### TASK TO CARRY OUT:
In the material below, find the line with "La prestation de" and the line with "Fancy Fox Boutique". Output exactly those two lines and all lines between them, leaving out pictures.
── DATASET RECORDS ──
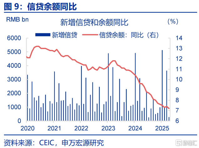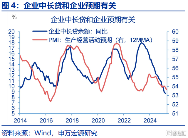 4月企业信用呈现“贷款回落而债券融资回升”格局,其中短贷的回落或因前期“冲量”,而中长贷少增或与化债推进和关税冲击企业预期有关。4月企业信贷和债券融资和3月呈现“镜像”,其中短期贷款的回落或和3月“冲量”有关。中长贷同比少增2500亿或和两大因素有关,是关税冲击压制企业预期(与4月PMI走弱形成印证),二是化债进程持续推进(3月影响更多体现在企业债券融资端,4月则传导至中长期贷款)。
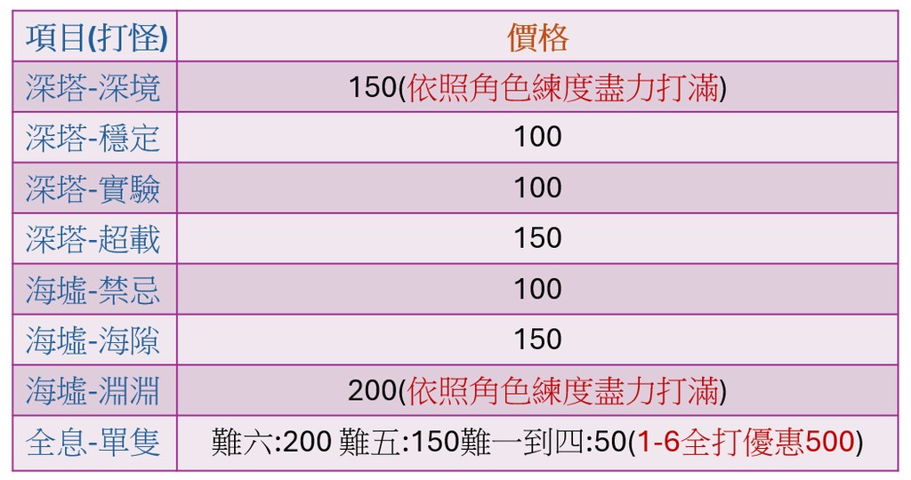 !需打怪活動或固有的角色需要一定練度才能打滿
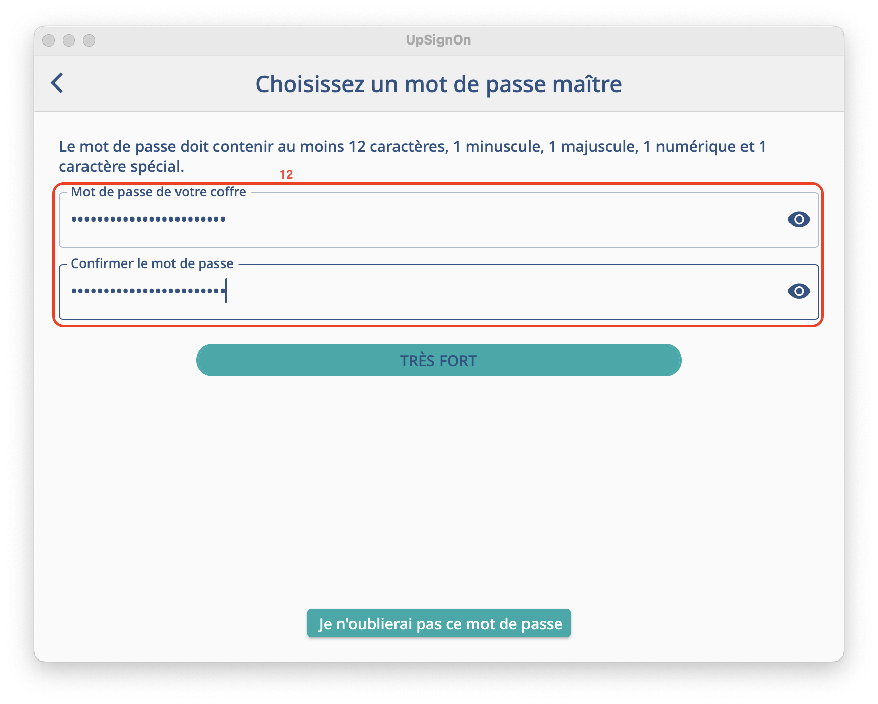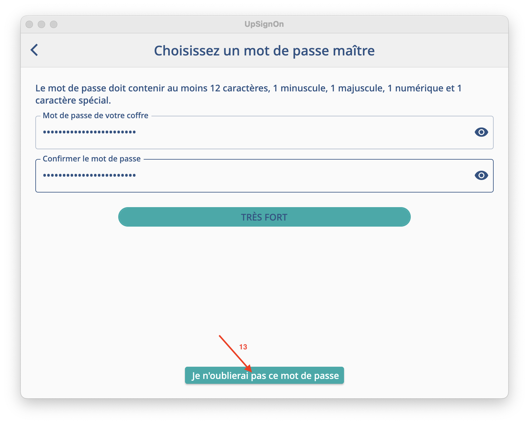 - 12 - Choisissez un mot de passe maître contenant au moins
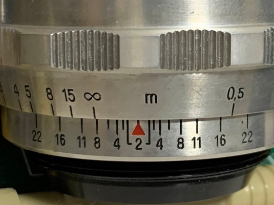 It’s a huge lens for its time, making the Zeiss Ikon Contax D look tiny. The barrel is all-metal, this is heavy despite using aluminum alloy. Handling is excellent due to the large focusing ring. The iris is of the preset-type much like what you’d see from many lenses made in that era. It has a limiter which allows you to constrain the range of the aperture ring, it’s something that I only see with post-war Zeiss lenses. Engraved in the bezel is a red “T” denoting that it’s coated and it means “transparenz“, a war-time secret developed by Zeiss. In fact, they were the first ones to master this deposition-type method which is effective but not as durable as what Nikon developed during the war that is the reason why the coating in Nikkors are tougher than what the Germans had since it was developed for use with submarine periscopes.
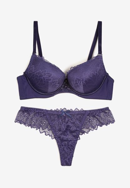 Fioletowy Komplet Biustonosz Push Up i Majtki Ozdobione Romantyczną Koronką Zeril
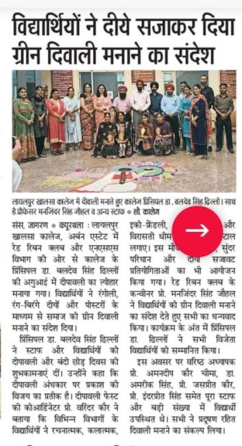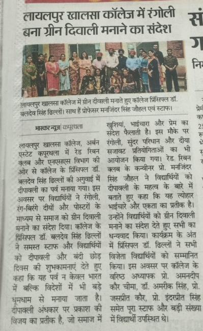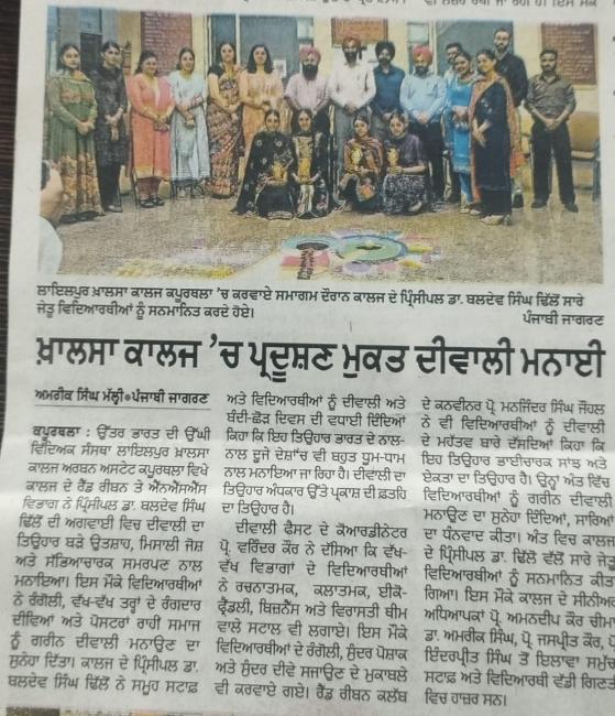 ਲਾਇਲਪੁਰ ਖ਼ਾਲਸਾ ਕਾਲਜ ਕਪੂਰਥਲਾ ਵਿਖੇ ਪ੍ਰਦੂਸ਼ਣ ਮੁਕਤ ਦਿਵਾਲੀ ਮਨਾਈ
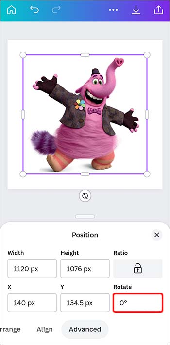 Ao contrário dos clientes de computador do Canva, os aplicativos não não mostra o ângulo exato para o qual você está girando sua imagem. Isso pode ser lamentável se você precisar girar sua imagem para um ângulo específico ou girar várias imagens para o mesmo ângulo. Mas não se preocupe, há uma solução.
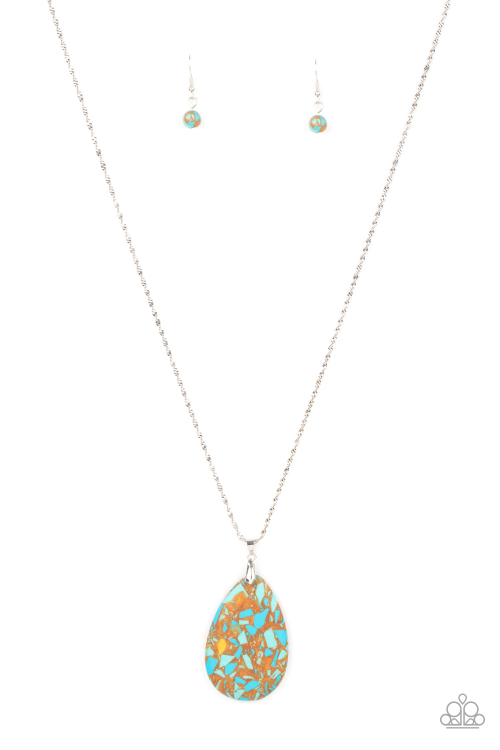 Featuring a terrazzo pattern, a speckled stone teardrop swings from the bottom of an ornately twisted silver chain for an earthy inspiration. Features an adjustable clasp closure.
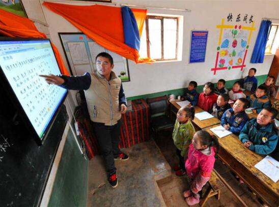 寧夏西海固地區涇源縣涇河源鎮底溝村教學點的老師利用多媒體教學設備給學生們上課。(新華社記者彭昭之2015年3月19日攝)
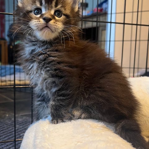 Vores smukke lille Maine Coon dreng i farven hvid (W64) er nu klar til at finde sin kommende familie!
───
── DATASET RECORDS ──
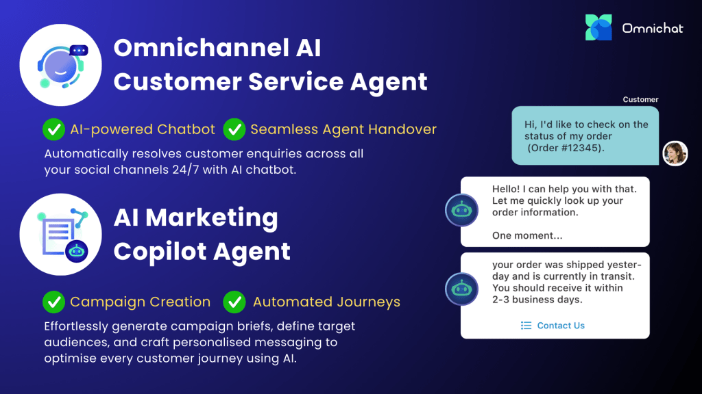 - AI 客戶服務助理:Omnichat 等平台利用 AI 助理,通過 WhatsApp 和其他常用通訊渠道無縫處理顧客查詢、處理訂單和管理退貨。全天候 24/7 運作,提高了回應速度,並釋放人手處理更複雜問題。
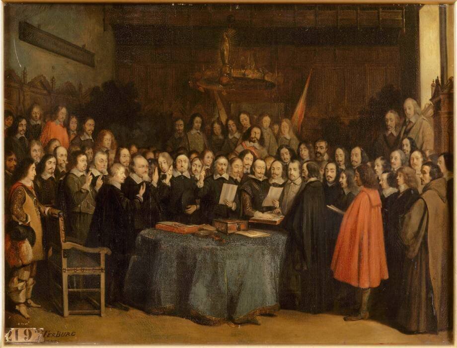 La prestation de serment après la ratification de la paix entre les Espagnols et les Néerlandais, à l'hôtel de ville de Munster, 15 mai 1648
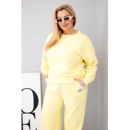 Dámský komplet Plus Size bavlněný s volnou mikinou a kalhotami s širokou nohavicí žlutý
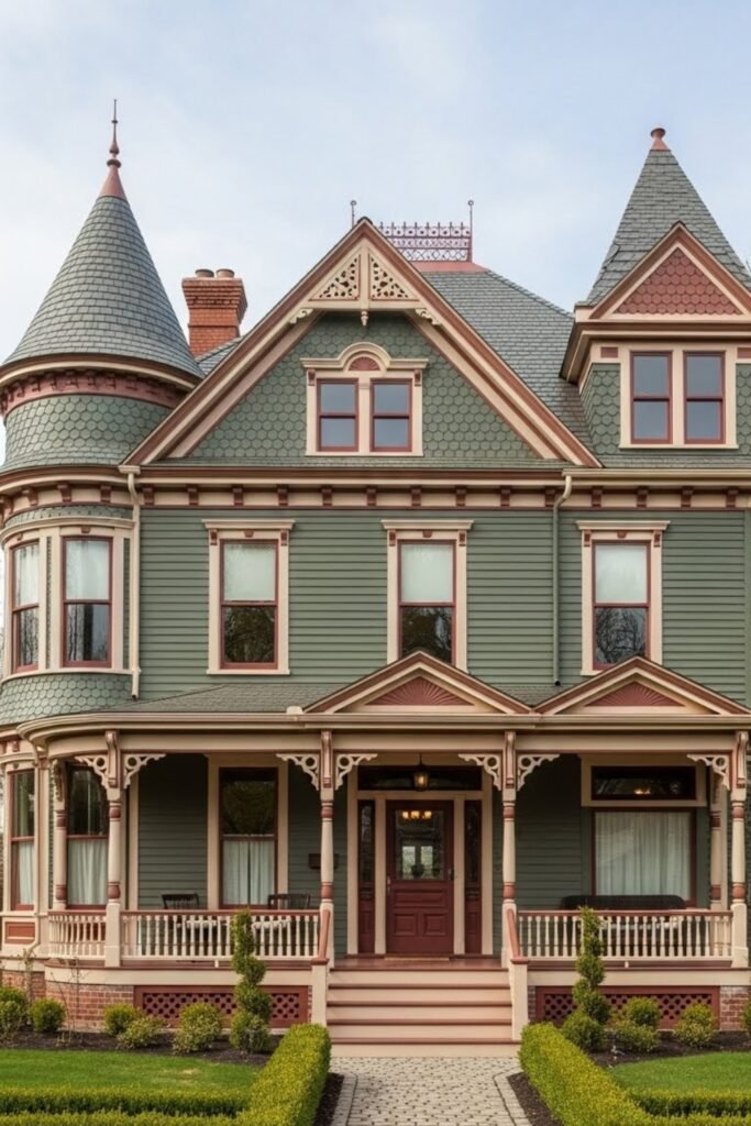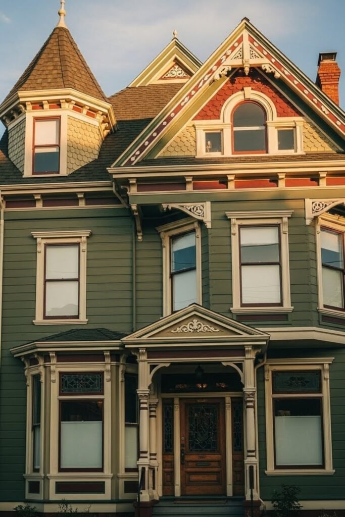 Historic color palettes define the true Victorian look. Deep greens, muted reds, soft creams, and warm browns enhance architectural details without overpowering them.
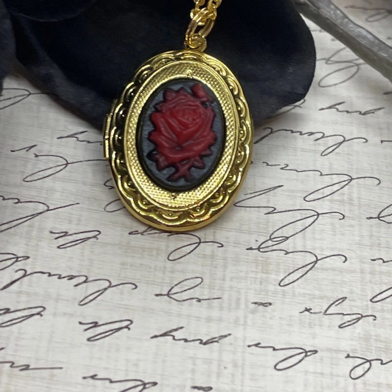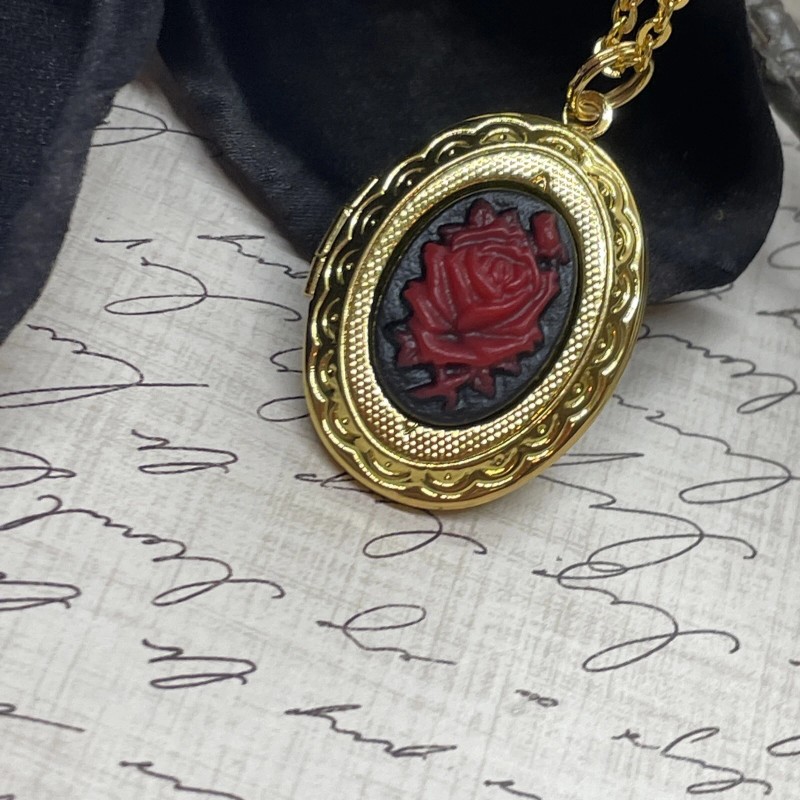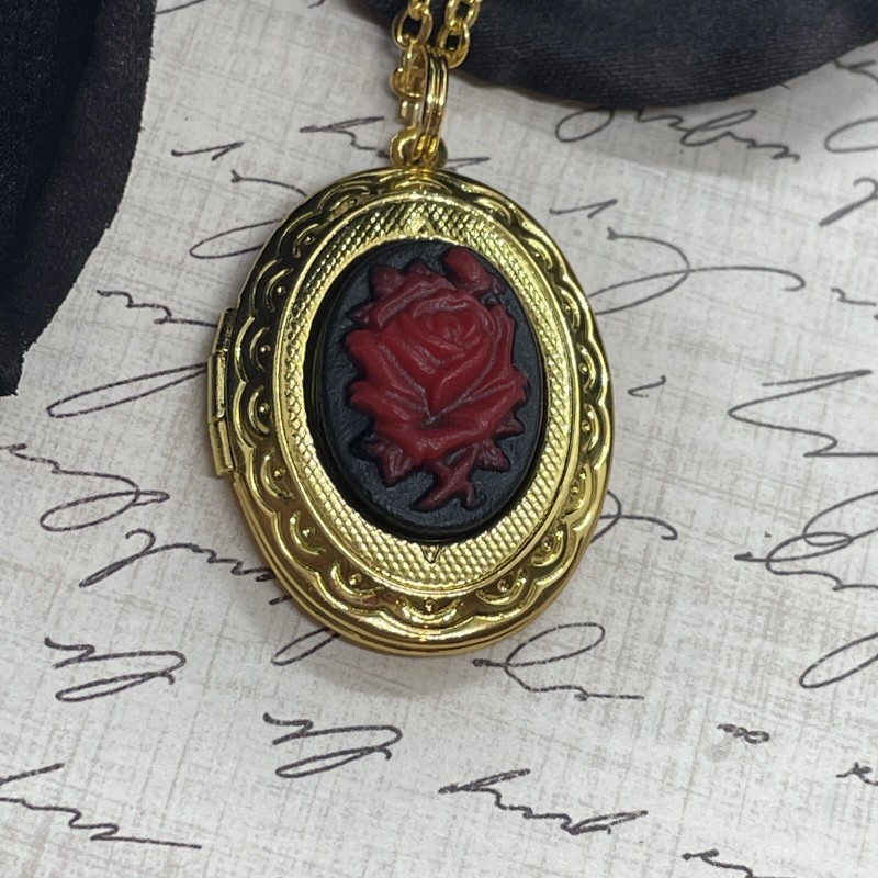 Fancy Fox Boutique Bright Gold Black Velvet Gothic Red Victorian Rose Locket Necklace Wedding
───
### OUTPUT FOR THIS TASK:
 La prestation de serment après la ratification de la paix entre les Espagnols et les Néerlandais, à l'hôtel de ville de Munster, 15 mai 1648
 Dámský komplet Plus Size bavlněný s volnou mikinou a kalhotami s širokou nohavicí žlutý
 Historic color palettes define the true Victorian look. Deep greens, muted reds, soft creams, and warm browns enhance architectural details without overpowering them.
 Fancy Fox Boutique Bright Gold Black Velvet Gothic Red Victorian Rose Locket Necklace Wedding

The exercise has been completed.